- Genre: Travel documentary Comedy
- Directed by: Chris Cottam
- Presented by: Romesh Ranganathan
- Country of origin: United Kingdom
- Original language: English
- No. of series: 4 (+ 1 From my sofa series)
- No. of episodes: 14 (+ 4 From my sofa episodes)

Production
- Executive producers: Emily Hudd, Morgan Roberts
- Producer: Catherine Catton
- Production location: Multiple
- Running time: 60 minutes
- Production company: Rumpus Media

Original release
- Network: BBC Two
- Release: 1 July 2018 – 12 June 2024

= The Misadventures of Romesh Ranganathan =

British comedy travel documentary series

The Misadventures of Romesh Ranganathan is a BBC Two comedy travel documentary presented by Romesh Ranganathan. In 2020, it won a British Academy Television Award for Best Features.

The fourth and final series premiered 29 May 2024 on BBC Two and iPlayer.

==Episodes==
===Series 1===
1. Haiti
2. Ethiopia
3. Albania
4. Christmas (Canadian Arctic with Johnny Issaluk)

===Series 2===
1. Zimbabwe
2. Mongolia
3. Bosnia and Herzegovina
4. Colombia
5. Christmas - The Sahara

===From my sofa===
1. Zimbabwe, Bosnia and the Sahara
2. Albania, Mongolia and the Arctic
3. Colombia, Haiti and Ethiopia
4. Christmas - The Hebrides

===Series 3===
1. Sierra Leone
2. Romania

===Series 4===

| No. overall | No. in season | Title | Directed by | Written by | Original release date | U.K. viewers (millions) |
| 16 | 1 | "Uganda" | Chris Cottam | Romesh Ranganathan | 29 May 2024 | N/A |
Romesh visits Uganda and is shown around by Bugandan princess Alex.
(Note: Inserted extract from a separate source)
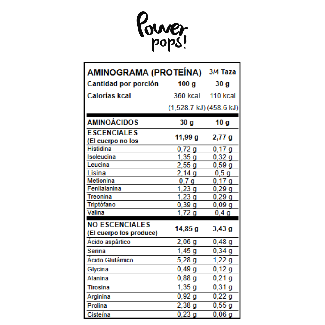 Power pops! contiene los 18 aminoácidos que tu cuerpo requiere para su desarrollo diario. Sin azúcar. Sin grasas. Sin sellos.

After a brief orientation in the capital Kampala on a boda boda, its off to Jinja for a spot of white water rafting and to find the source of the Nile on the shores of Lake Victoria. They then head out to Queen Elizabeth National Park and Chambura Gorge to see the wildlife and the twin caldera lakes of Kayima and Kamweru. Romesh broaches the recent anti-LGBT law passed by the Ugandan parliament and concedes that the local mindset is completely different to his own. Venturing further into the rural heartland of the country, a trip to a village leaves Romesh inebriated when he samples some Banana Gin. In the final location, Murchison Falls National Park, Romesh visits the ruins of Idi Amin's hunting lodge and discusses the dictator's tenure. At Murchison Falls Romesh observes Hippopotamuses, Crocodiles and Elephants and reflects on his time in the country.
| 17 | 2 | "Rwanda" | Paul Taylor | Romesh Ranganathan | 5 June 2024 | N/A |
Romesh crosses the border into Rwanda at Gicumbi, and meets his guide, performance artist Hyppolite. On the road to the capital Kigali, Hippo relives his memories of the Rwandan genocide and witnessing his father killed in front of him. In a milk bar, Romesh samples a sip of fermented milk, despite his vegan diet. He notes the spotless streets and learns of the mandatory litter cleaning by the citizenry on the last Saturday of every month (umuganda) and the wholesale ban on plastic bags. En route to a trip to Akagera National Park, Romesh visits a hotel that is destined to house asylum seekers sent by the British government, before trying his hand at making artworks from cow dung. On return to Kigali, Romesh visits the Rwandan Genocide Memorial and learns about the ethnic cleansing of the Tutsis by the Hutu majority but unable to speak freely about the Paul Kagame regime, Romesh and the crew take to a boat to discuss the issues out of earshot. One final excursion sees Romesh visit Volcanoes National Park to observe the mountain gorillas.
| 18 | 3 | "Madagascar" | Paul Taylor | Romesh Ranganathan | 12 June 2024 | N/A |
Unable to visit the Democratic Republic of the Congo because of the outbreak of civil unrest, Romesh detours to Madagascar. Bic, a diving instructor is on hand to show him around. They start in Antananarivo and after a visit to the street market, head to the Rova Palace. An internal flight takes them to Tsingy on the west coast where they go on a hike to admire the limestone topography. In the backwater of Belo Tsiribihina, Romesh experiences fine dining in the most unusual of circumstances, before heading off to view some lemurs. Romesh learns of Malagsi Fady taboos and the belief that souls of the deceased inhabit Baobab trees. He witnesses a shaman unsuccessfully attempting to make contact. At the Avenue of the Baobabs Romesh learns more about the impact of human influences. In his final vignette from the village of Belo sur Mer, he gets to meet the nomadic Vezo people and goes out to sea on a pirogue where Bic demonstrates his skill at freediving.